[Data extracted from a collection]

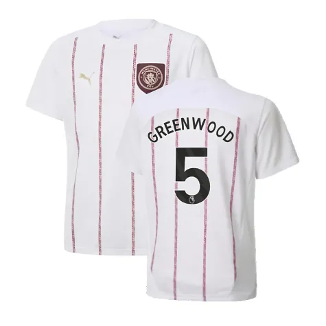 2024-2025 Man City Prematch SS Jersey (White) - Kids (Greenwood 5)
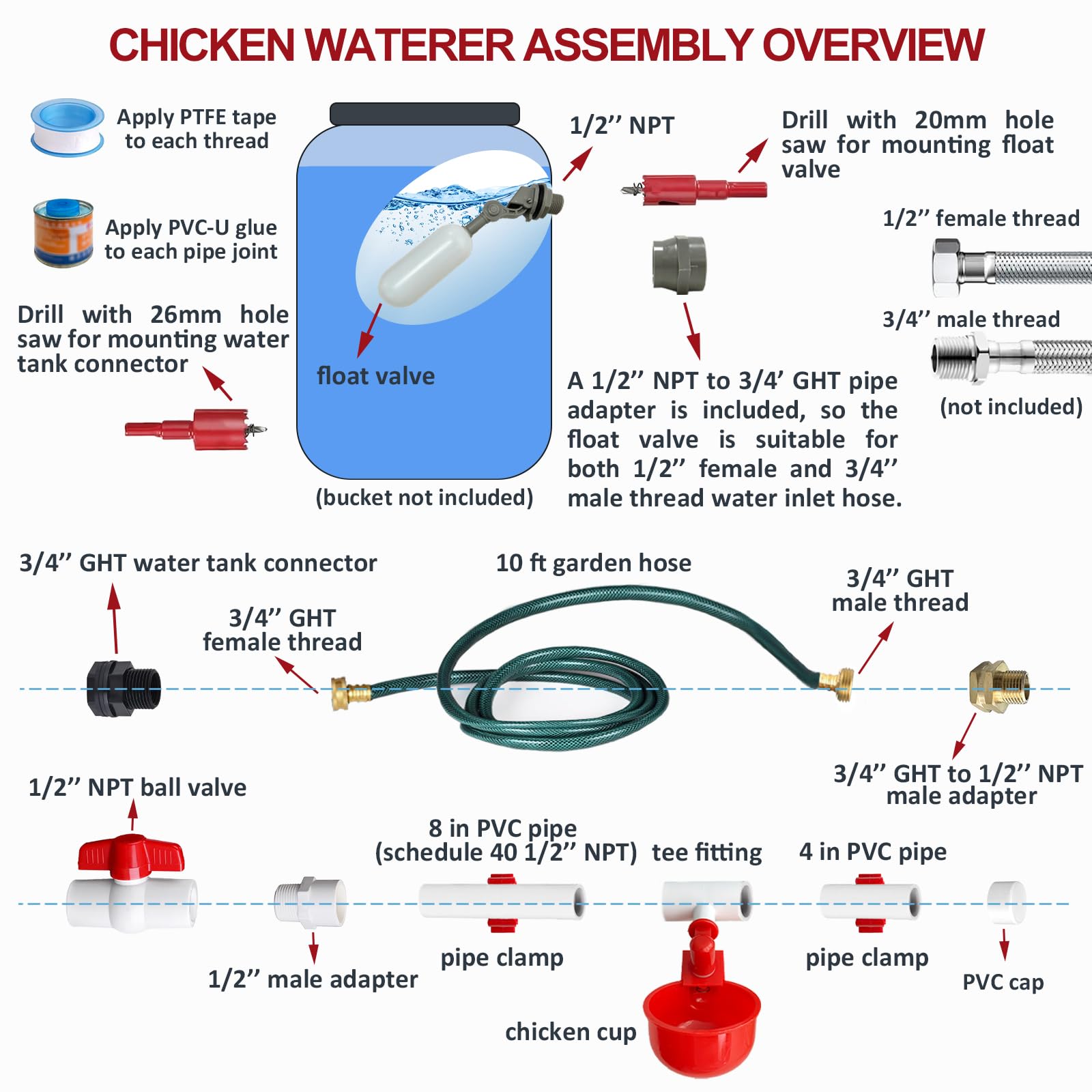 【Leak-Proof Design】Through testing, we have ensured that all accessories of our chicken watering system fit together perfectly, preventing leaks. Additionally, we provide PTFE tape and glue to further enhance the water-tight seal, ensuring a dry and clean coop.
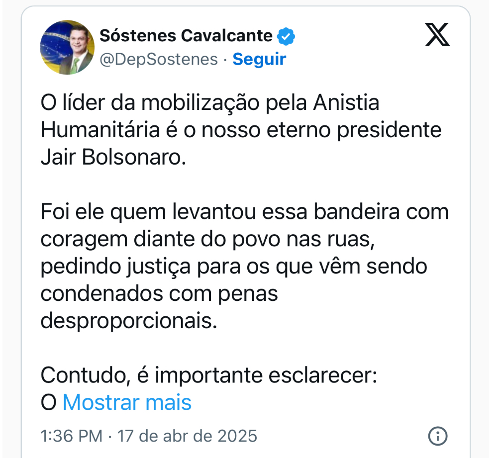 Na última segunda-feira (14), Sóstenes protocolou requerimento de urgência para o projeto de anistia. Caso aprovado, o texto poderá ser analisado diretamente em plenário. O parlamentar afirmou que pretende se reunir com o presidente da Câmara, Hugo Motta (Republicanos-PB), no próximo dia 22 de abril para discutir a pauta. A expectativa é que o assunto seja levado ao colégio de líderes no dia 24 e votado na última semana do mês.
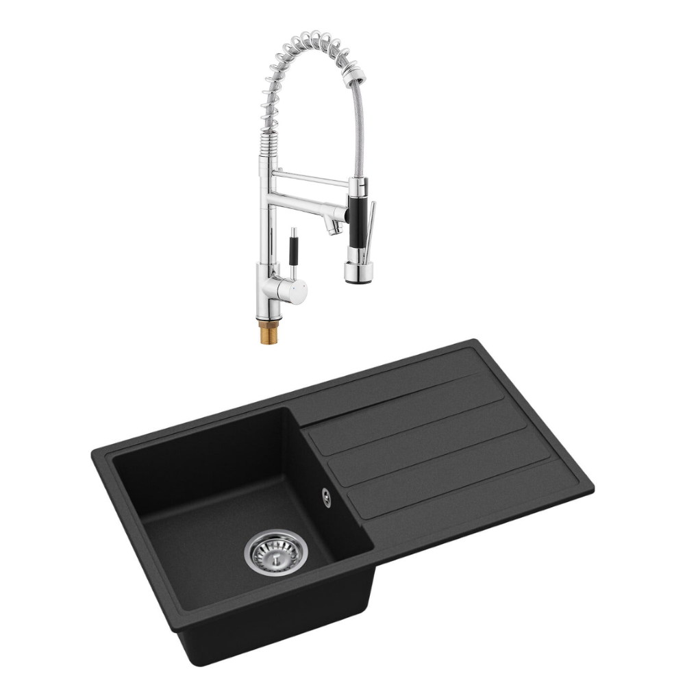 Swiss Aqua Technologies 76x44 cm évier avec égouttoir réversible en granite à encastrer + mitigeur à bras pivotant, 2 jets, noir mat (SATSINKGE3B-SET2)
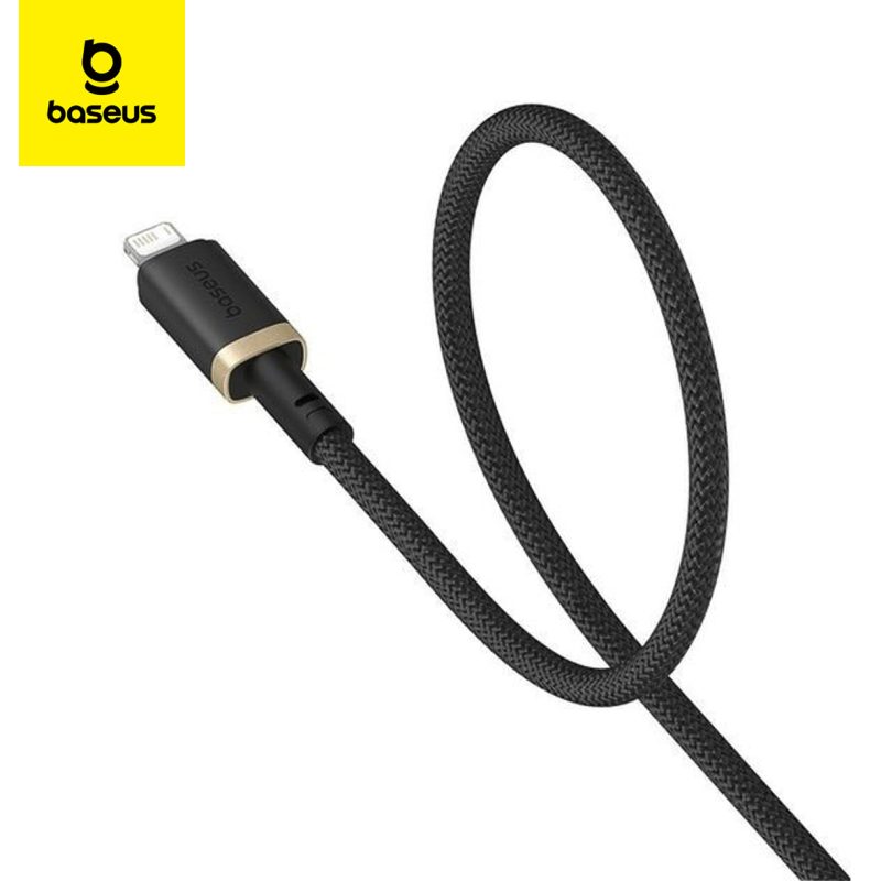 Câble USB vers Lightning Baseus au design élégant noir et or, compatible avec la charge rapide 20W pour iPhone et iPad. Longueur 1 mètre
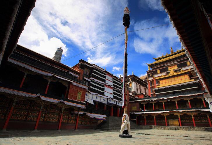 早餐后前往達古峽谷,該峽谷谷口寬闊,有農田分布,谷內多大石,并兼灌叢、稀松等皆縱橫裸露,頗為壯觀。由于雅魯藏布江在此處的下切作用加劇,所以谷內多瀑布、跌水。該谷全長約100多公里,上溯可至桑日縣。后驅車赴桑耶寺,途經野生猴區隨時停車拍攝觀野生猴(可準備點水果等食物喂猴子,喂食時請注意安全)。桑耶寺始建于公元8世紀吐蕃王朝時期,是西藏第一座剃度僧人出家的寺院。寺內建筑按佛教的宇宙觀進行布局,中心佛殿兼具藏族、漢族、印度三種風格,因此桑耶寺也被稱作三樣寺。桑耶寺現有50多僧人。當天拍攝活動結束后,入住山南澤當鎮。
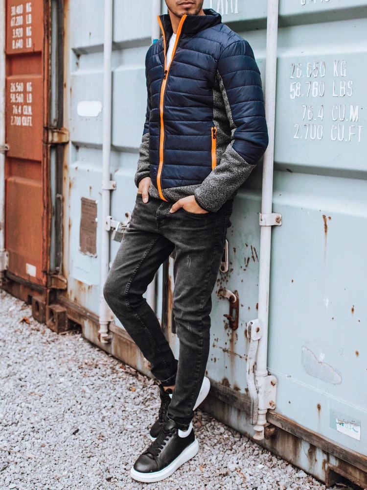 Pánská přechodná bunda prošívaná tmavě modrá FashionStreet TX3783
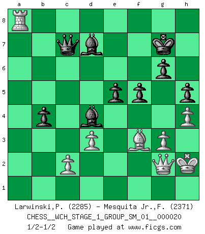 Last move : 1/2-1/2 2018 December 11 22:37:24 [Event "FICGS__CHESS__WCH_STAGE_1_GROUP_SM_01__000020"] [Site "FICGS"] [Date "2018.11.01"] [Round "1"] [White "Larwinski,Paul"] [Black "Mesquita Jr.,Fausto Monteiro"] [Result "1/2-1/2"] [WhiteElo "2285"] [BlackElo "2371"] 1.e4 c5 2.Nc3 d6 3.Nge2 Nf6 4.g3 g6 5.Bg2 Bg7 6.O-O Nc6 7.d3 O-O 8.h3 Rb8 9.f4 e6 10.Be3 b5 11.a3 a5 12.e5 Nd5 13.Bf2 Nxc3 14.Nxc3 b4 15.Ne4 dxe5 16.Bxc5 exf4 17.Bxf8 Qxf8 18.Rxf4 Bxb2 19.axb4 axb4 20.Ra2 Be5 21.Nf6+ Kg7 22.Bxc6 Bxf6 23.Qf3 Qe7 24.Rc4 Rb6 25.Be4 Ra6 26.Rxa6 Bxa6 27.Rc6 Bb5 28.Rc8 Qd7 29.Ra8 Qc7 30.Ra2 Bd4+ 31.Kh2 Bd7 32.Qg2 f5 33.Bf3 e5 34.Ra8 h5 35.h4 Qd6 36.Rd8 Qc7 37.Ra8 Qd6 38.Rd8 Qc7 39.Ra8 1/2-1/2 Sicilian : Closed Kingside Castling by player White (move 6) Kingside Castling by player Black (move 7) This chess game ended in a draw. Follow this game move after move (download)You cannot play at Chess if you are kind-hearted. (French Proverb) Ich war schon mal beim Dopingtest. Da musste ich Urin abgeben, während Dritte zusahen. (Elisabeth Pähtz) El juego de Fischer siempre fue nÃtido, racional y brillante. Uno de los mejores por siempre. (Dave Regis) Il s'avisa de me proposer d'apprendre les échecs qu'il jouait un peu... me voilà forcené des échecs. J'achète un échiquier, je m'enferme dans ma chambre, j'y passe des jours et des nuits à vouloir apprendre par cœur toutes les parties. (Jean-Jacques Rousseau, Confessions) Empty your mind, be formless, shapeless — like water. (Bruce Lee)

Activity | Return verbatim every line from the line containing "Pánská přechodná bunda" to the last line of the entries above, inclusive, and leave out the pictures.

Response below |
 Pánská přechodná bunda prošívaná tmavě modrá FashionStreet TX3783
 Last move : 1/2-1/2 2018 December 11 22:37:24 [Event "FICGS__CHESS__WCH_STAGE_1_GROUP_SM_01__000020"] [Site "FICGS"] [Date "2018.11.01"] [Round "1"] [White "Larwinski,Paul"] [Black "Mesquita Jr.,Fausto Monteiro"] [Result "1/2-1/2"] [WhiteElo "2285"] [BlackElo "2371"] 1.e4 c5 2.Nc3 d6 3.Nge2 Nf6 4.g3 g6 5.Bg2 Bg7 6.O-O Nc6 7.d3 O-O 8.h3 Rb8 9.f4 e6 10.Be3 b5 11.a3 a5 12.e5 Nd5 13.Bf2 Nxc3 14.Nxc3 b4 15.Ne4 dxe5 16.Bxc5 exf4 17.Bxf8 Qxf8 18.Rxf4 Bxb2 19.axb4 axb4 20.Ra2 Be5 21.Nf6+ Kg7 22.Bxc6 Bxf6 23.Qf3 Qe7 24.Rc4 Rb6 25.Be4 Ra6 26.Rxa6 Bxa6 27.Rc6 Bb5 28.Rc8 Qd7 29.Ra8 Qc7 30.Ra2 Bd4+ 31.Kh2 Bd7 32.Qg2 f5 33.Bf3 e5 34.Ra8 h5 35.h4 Qd6 36.Rd8 Qc7 37.Ra8 Qd6 38.Rd8 Qc7 39.Ra8 1/2-1/2 Sicilian : Closed Kingside Castling by player White (move 6) Kingside Castling by player Black (move 7) This chess game ended in a draw. Follow this game move after move (download)You cannot play at Chess if you are kind-hearted. (French Proverb) Ich war schon mal beim Dopingtest. Da musste ich Urin abgeben, während Dritte zusahen. (Elisabeth Pähtz) El juego de Fischer siempre fue nÃtido, racional y brillante. Uno de los mejores por siempre. (Dave Regis) Il s'avisa de me proposer d'apprendre les échecs qu'il jouait un peu... me voilà forcené des échecs. J'achète un échiquier, je m'enferme dans ma chambre, j'y passe des jours et des nuits à vouloir apprendre par cœur toutes les parties. (Jean-Jacques Rousseau, Confessions) Empty your mind, be formless, shapeless — like water. (Bruce Lee)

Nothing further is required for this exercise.